First spotted last week sitting in a tree (t-e-r-r-i-f-y-i-n-g), the snake's large, slithering presence singlehandedly -- or well, zero-handedly -- launched an entire city-wide panic and a search for the unwieldy reptile. “Pittsburgh Animal Care & Control was notified by a park user of a large snake spotted on a Frick Park trail,” read an incident report, archived on the city's website. “Animal Care & Control officers, along with Pittsburgh Park Rangers, are busy searching the area where the snake was possibly last seen. Zone 4 police officers are also on the lookout. A witness stated the snake did not appear to be a native species. It is not yet verified as to what type of snake it is. Public Safety is warning the public, if you come across a large snake you are not familiar with, stay way and immediately notify police.”
Shortly after the warning was issued, proving that the age-old concept of stranger danger also applies to snakes, authorities were ultimately able to identify the reptile. To the relief of pretty much everyone, it seems the snake, albeit absolutely massive, was not as dangerous as initially anticipated. "We were initially concerned it may have been a boa constrictor or a python," one of Pittsburg's public safety directors, Wendell Hissrich, explained to local news outlet, WPXI-TV. "And like the alligators may have been transported to this area, become too large for a resident, and they let it go in the park."
Upon further investigation into this massive snake slithering through the Frick premises, an apparent joint effort between reptile specialists at the PPG Aquarium and the Pittsburgh Zoo, the answer is none other than a Black Rat Snake.

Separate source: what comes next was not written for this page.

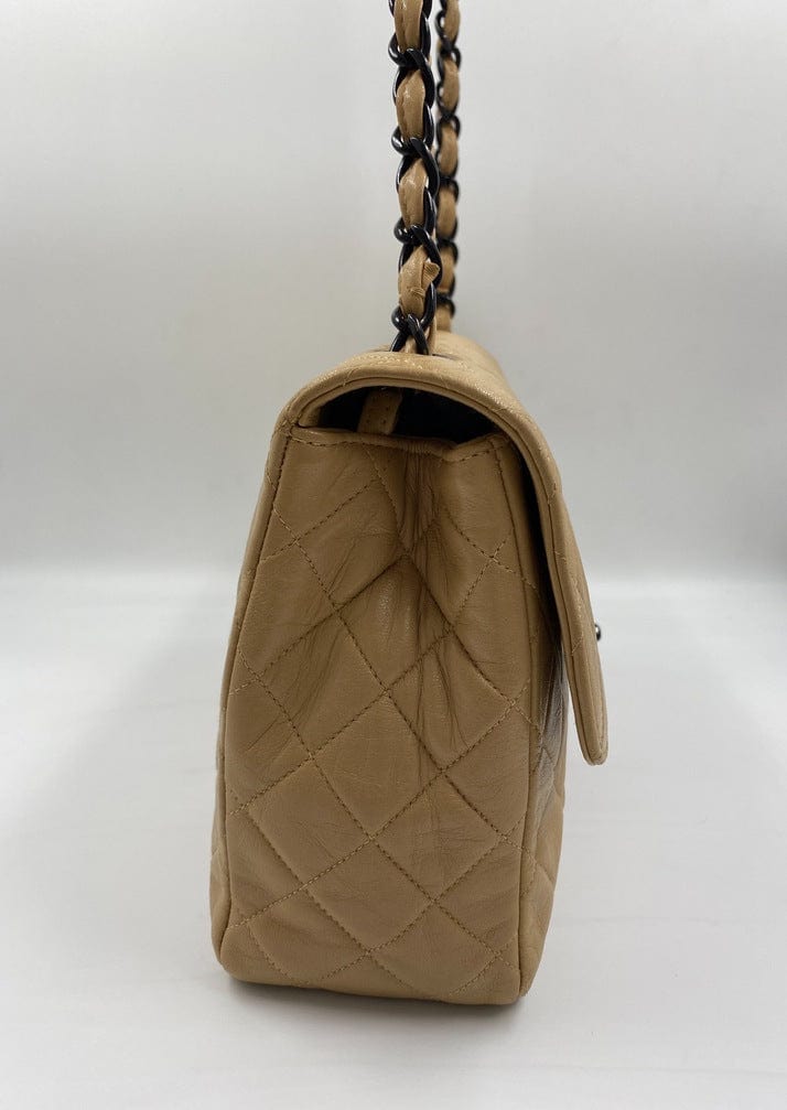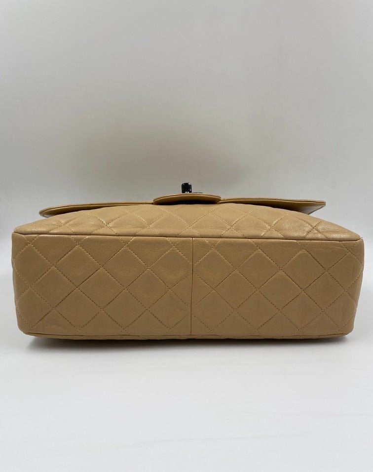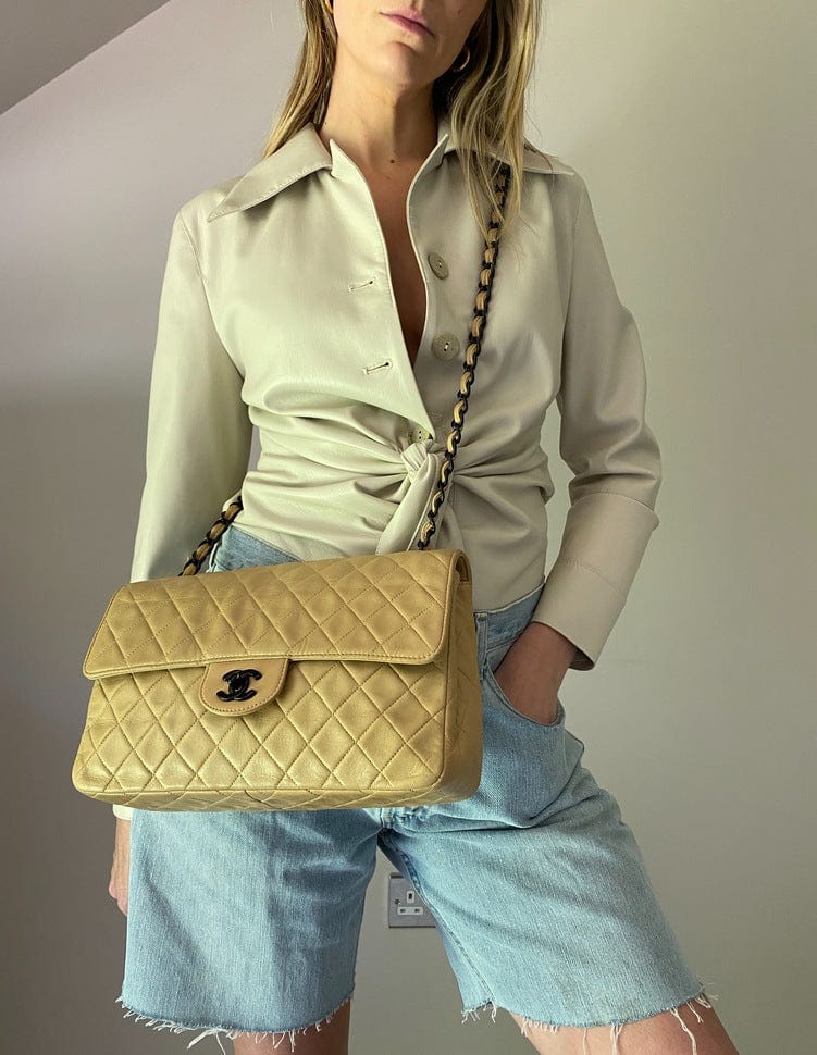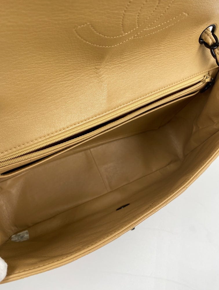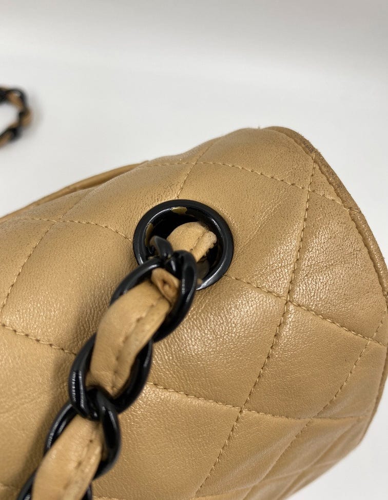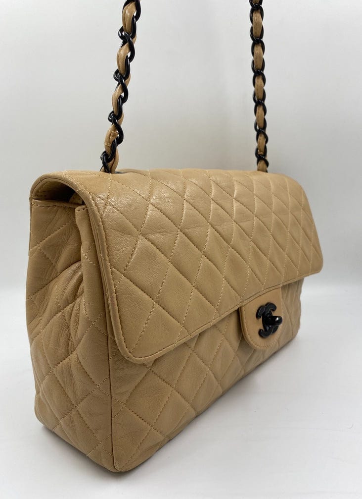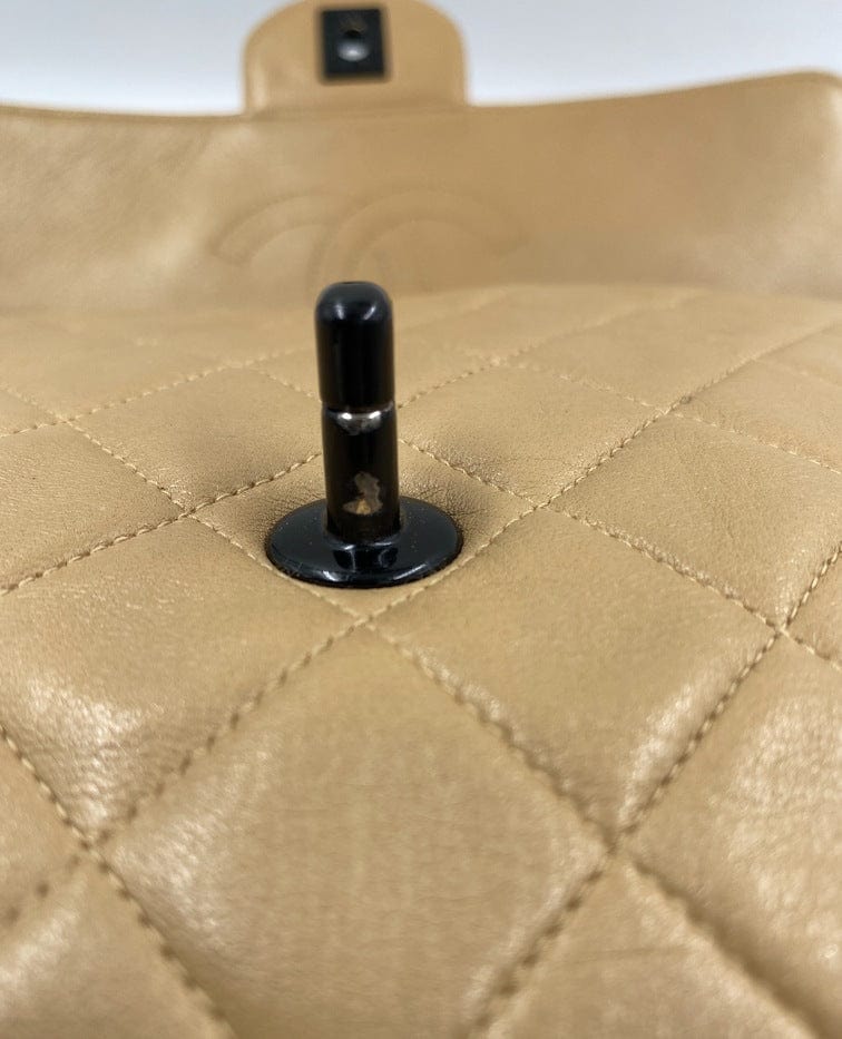This vintage Classic Chanel Flap bag is crafted with diamond quilted beige lambskin leather with black hardware and a leather-trimmed chain-link shoulder strap. There is a single exterior patch pocket on the back, inside there is a zipped pocket plus slip pocket. The interior of the bag is lined with beige leather. This chain can only be worn at one length - the drop of the chain is 53cm.

Defined as “large non-venomous snakes between 3.5 and 7 feet,” that are “actually very shy,” according to the National Wildlife Federation, these reptiles, although making for an alarming sight, is no stranger to the Frick. “While not commonly seen in the park, this harmless species of snake is native to the area and very beneficial to the environment,” the City of Pittsburgh wrote on their website. “We thank the public for their interest and for helping us identify this park visitor.”